A table will help explain why the rule of 72 works. You will also see where the 72 came from.
Consider the compound interest formula.
A = P( 1 + r/100 )^{n}
A is the resulting amount of money.
P is the principal invested for n interest periods at r% annually.
We need to investigate what happens when the money is doubled or when A = 2P.
When A = 2P, the equation above becomes 2P = P( 1 + r/100 )^{n}
After dividing both sides of the equation by P, we get 2 = ( 1 + r/100 )^{n}
Now, solve for n.
Take the log of both sides of the equation.

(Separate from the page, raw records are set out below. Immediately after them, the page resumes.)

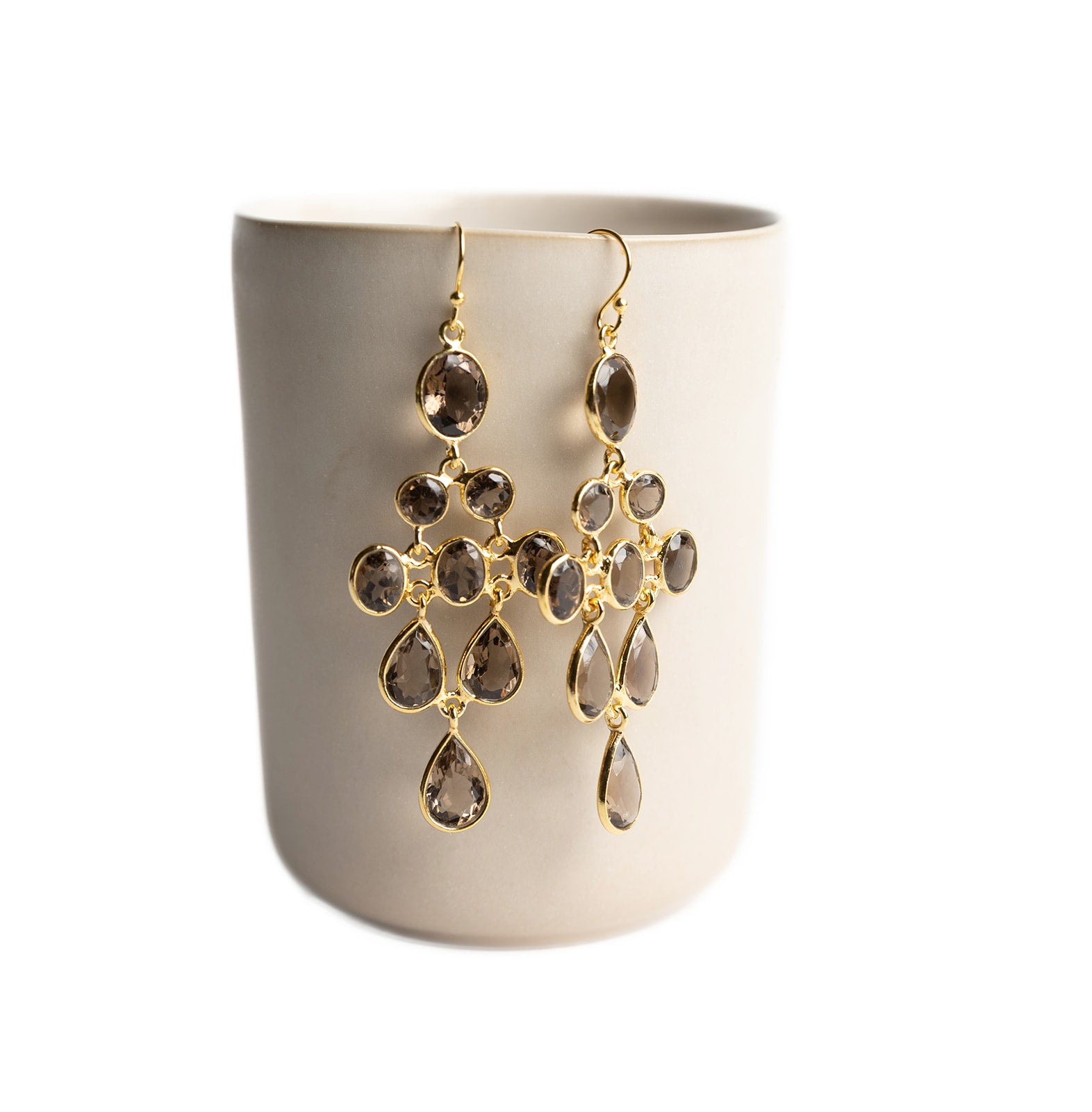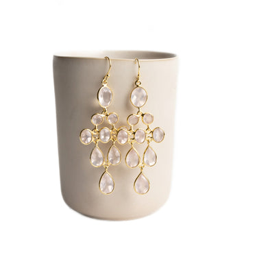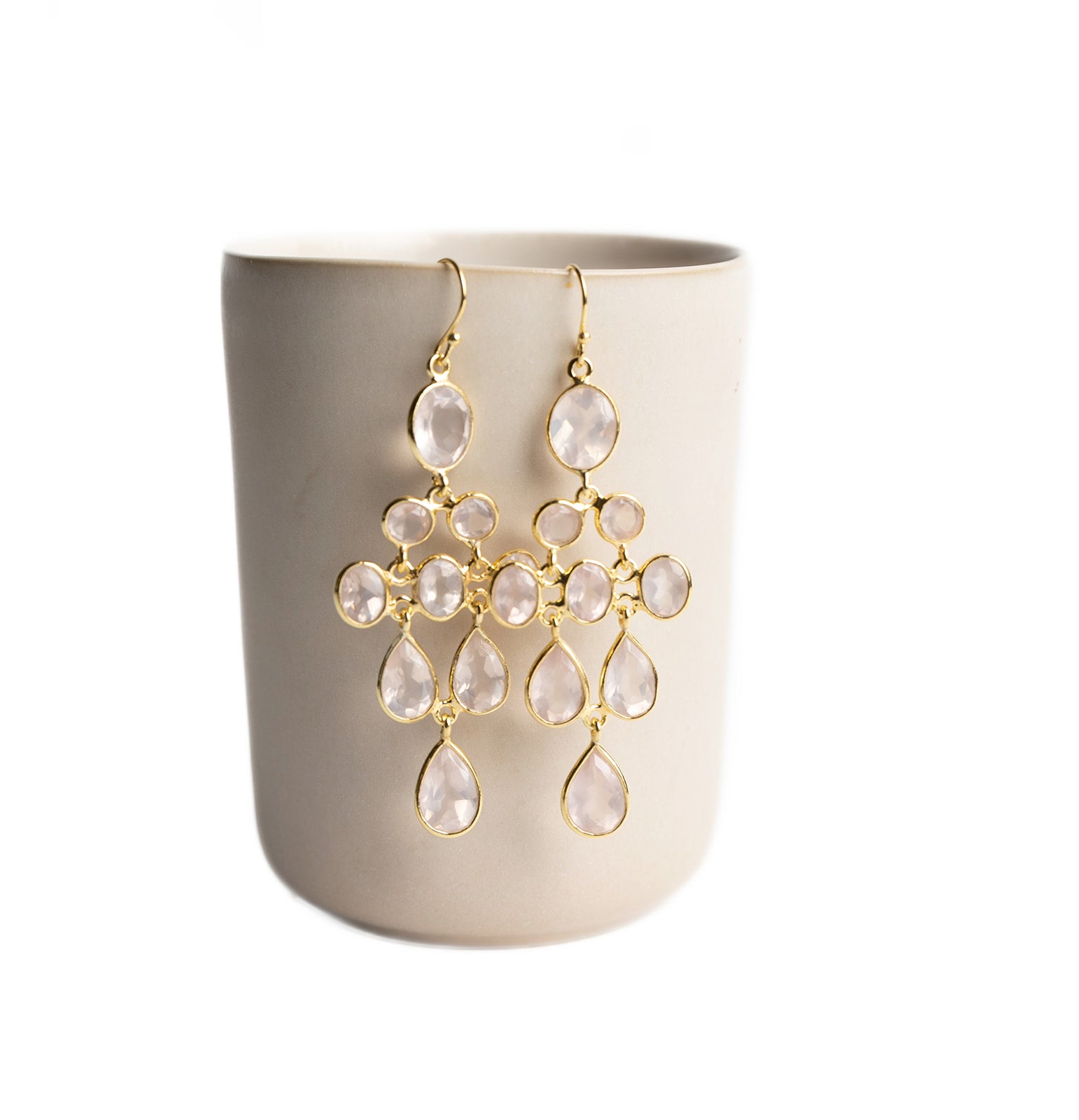 Elegant, lightweight, and beautifully refined, these micron gold-plated sterling silver chandelier earrings feature facetted teardrop-shaped semi-precious stones that catch the light with effortless sparkle. Each pair is handmade in Jaipur, a city celebrated for generations of master jewellers and some of the finest stone cutters in the world.
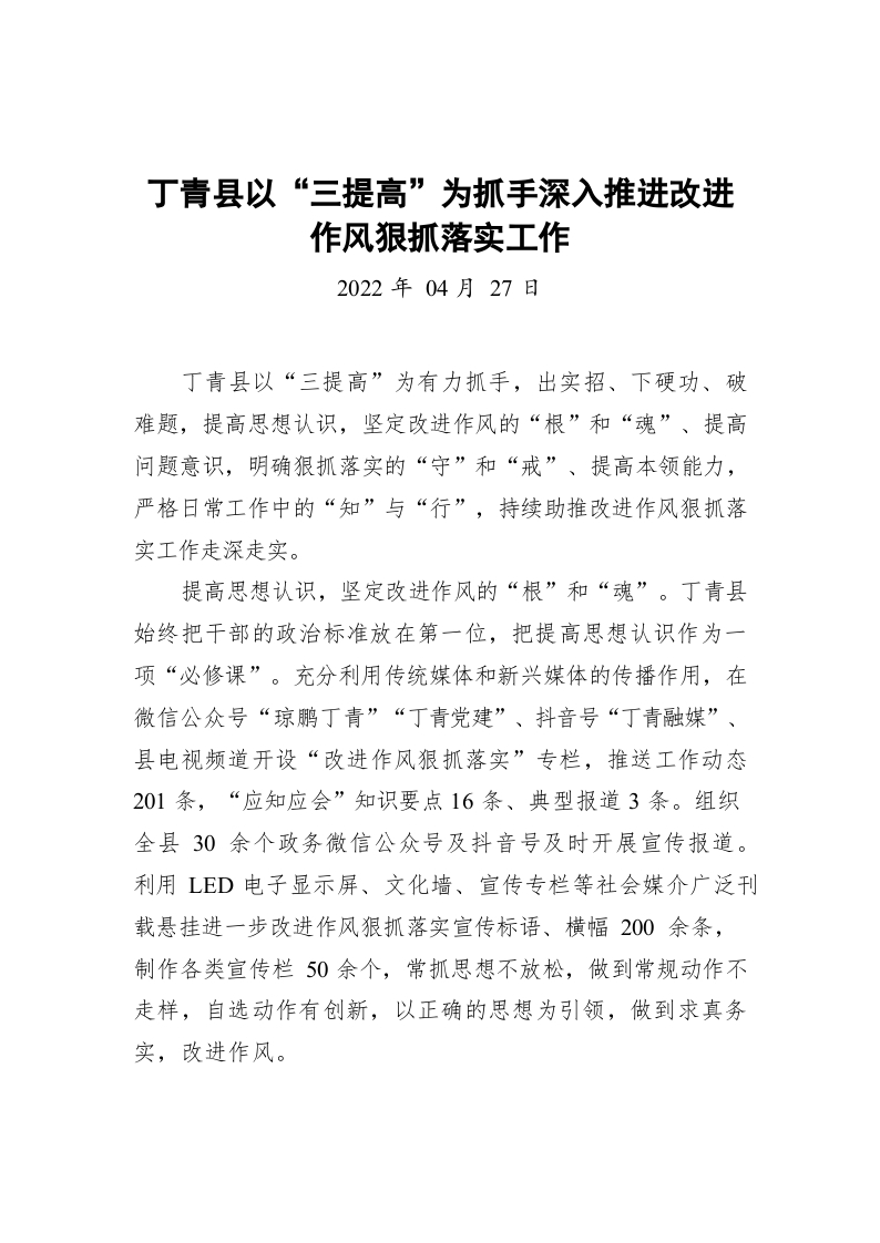 XX县以“三提高”为抓手深入推进改进作风狠抓落实工作
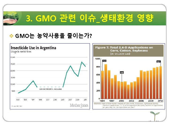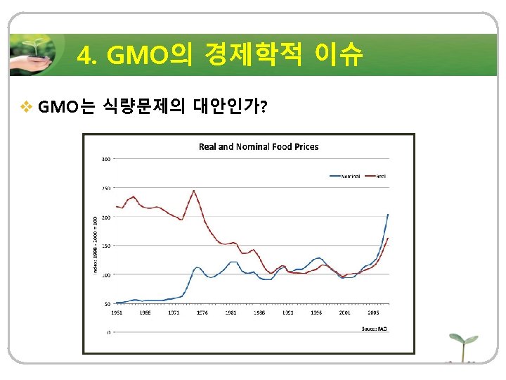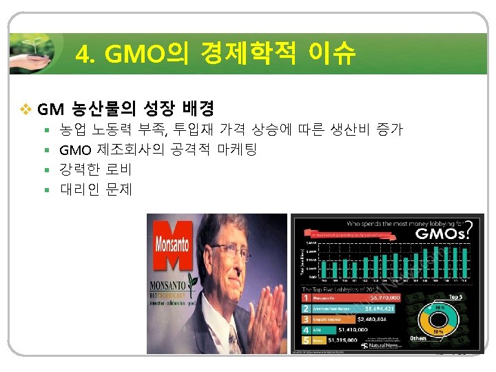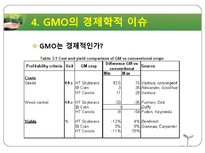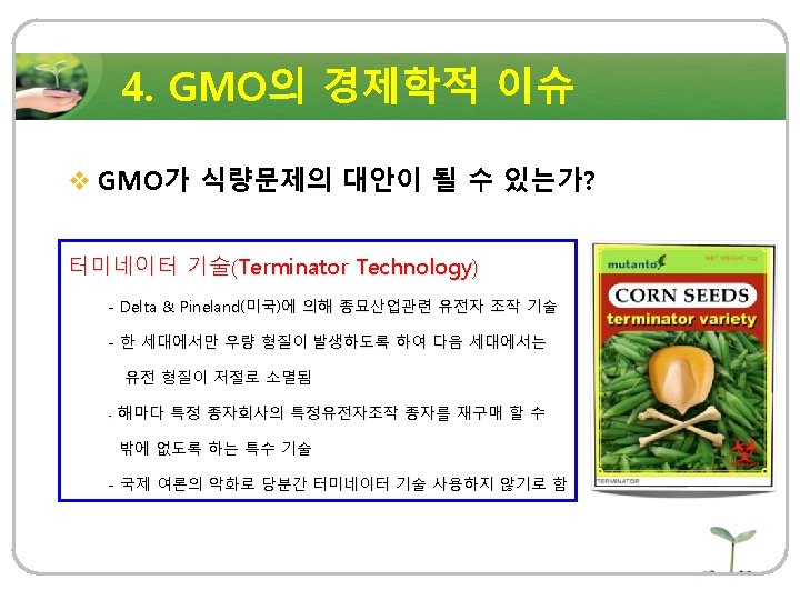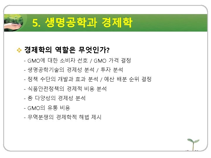 4. GMO의 경제학적 이슈 v GMO를 분리 유통시키는 IP COST Cents/bu 20 Elevator profit from segregation and IP (not observable) 15 Costs to elevator of “reshuffling” (cost of having less flexibility , Cost of having too few, too big elevators) 10 Testing costs = 2 cents/bu Farm profit from segregation and IP Costs of cleaning planter, combine = 0. 2 cents/bu 5 Extra costs of driving further to elevator, Waiting longer to deliver non-GM grain Extra costs from not using GM tech On farm (varies by farm) 22 cents/bu premium to exporter of non-GM soybeans to Japan (observable) 10 cents/bu premium to farm delivering non. GM soybeans to elevator near Illinois River (observable)

log 2 = log ( 1 + r/100 )^{n}
log 2 = n log ( 1 + r/100 )
n = log2 / log (1 + r/100)
Now, here is a table showing different values for r, n, and nr.
r | n | nr |
1 | 69.660 | 69.660 |
2 | 35.002 | 70.004 |
5 | 14.206 | 71.03 |
9 | 8.043 | 72.389 |
12 | 6.116 | 73.392 |
15 | 4.959 | 74.392 |
The average of the nr values gives 71.81 which is close to 72 and this is where our rules of 72 came from.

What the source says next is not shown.